A desperate man (Daniel Day-Lewis) goes on a dark journey in Paul Thomas Anderson’s epic THERE WILL BE BLOOD
THERE WILL BE BLOOD (Paul Thomas Anderson, 2007)
Museum of the Moving Image
35th Ave. at 36th St., Astoria
Saturday, July 27, 5:30, and Sunday, July 28, 1:00, free with museum admission
718-777-6800
www.movingimage.us
www.miramax.com
Daniel Day-Lewis gives a spectacular, Oscar-winning performance as an independent oil man in Paul Thomas Anderson’s There Will Be Blood. Day-Lewis, in remarkable voice, absolutely embodies Daniel Plainview, a determined, desperate man digging for black gold in turn-of-the-century California. His first strike comes at a heavy price as he loses one of his men in a tragic accident, so he adopts the worker’s infant son, raising H.W. (Dillon Freasier) as his own. The growth of his company leads him to Little Boston, a small town that has oil just seeping out of its pores. But after not allowing Paul Sunday (Paul Dano), the charismatic preacher who runs the local Church of the Third Revelation, to say a prayer over the community’s first derrick, Plainview begins his descent into hell. Using Upton Sinclair’s 1927 novel Oil! as a starting point (and employing echoes of Orson Welles’s Citizen Kane and The Magnificent Ambersons in addition to the obvious reference, George Stevens’s classic 1956 oil flick Giant), writer-director Anderson (Boogie Nights, The Master) has created a thrilling epic about greed, power, and corruption as well as jealousy, murder, and, above all, family, where oil gushes out of the ground with fire and brimstone.
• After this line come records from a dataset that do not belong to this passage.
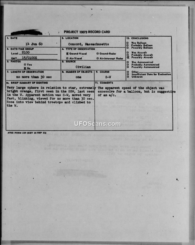 Project 10073 Record Card — Concord, Massachusetts, 14 June 1960
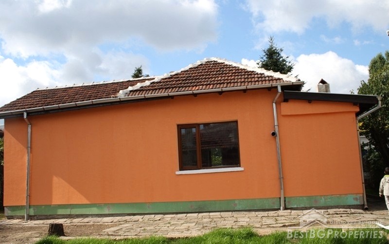 The offered house is after complete repairs. It has a new roof, exterior and interior insulation, new windows, new German outside plaster, fitted kitchen, fireplace, laminate and wooden floors, latex painted walls and ceilings. The house has total living area of 90 sq m. It comes with a large private garden with size 427 sq m.
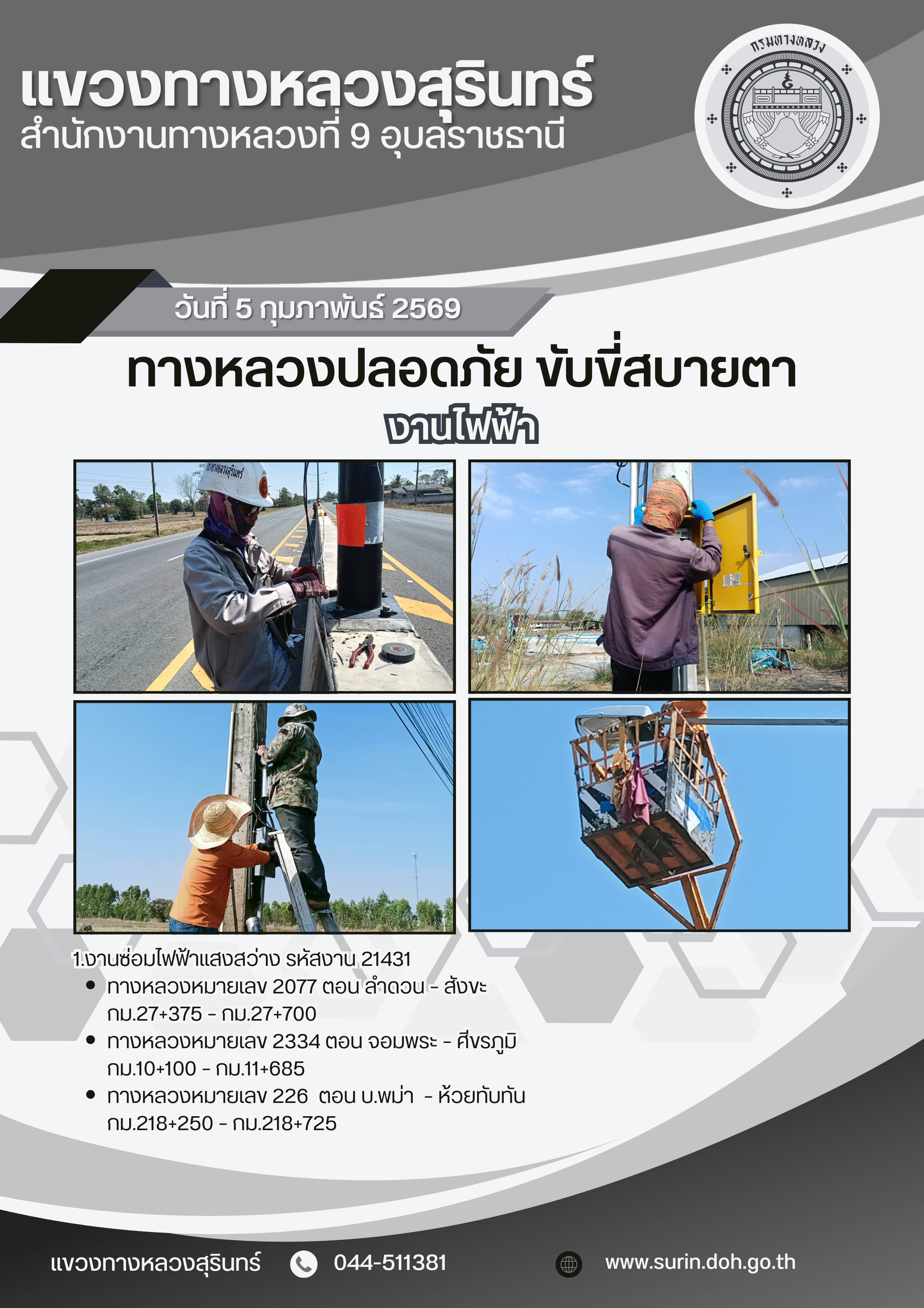 ทางหลวงปลอดภัย ขับขี่สบายตา 5 กุมภาพันธ์ 2569 |

Robert Elswit’s beautiful, Oscar-winning cinematography is so gritty and realistic, audiences will be reaching for their faces to wipe the oil and blood off. The piercing, classically based score, composed by Radiohead guitarist Jonny Greenwood, builds to a mind-blowing crescendo by the end of the film — a finale that is likely to be much talked about and widely criticized. Filmed in the same location — Marfa, Texas — where Giant was set, There Will Be Blood is an unforgettable journey into the dark heart of one man’s soul. The film is screening in a DCP projection July 27 at 5:30 and July 28 at 1:00 as part of the Museum of the Moving Image series “See It Big! The American Epic,” which continues July 28 at 4:30 with longtime Christian Science Monitor film critic Peter Rainer introducing Charles Laughton’s The Night of the Hunter, followed by a book signing of his new Rainer on Film: Thirty Years of Film Writing in a Turbulent and Transformative Era.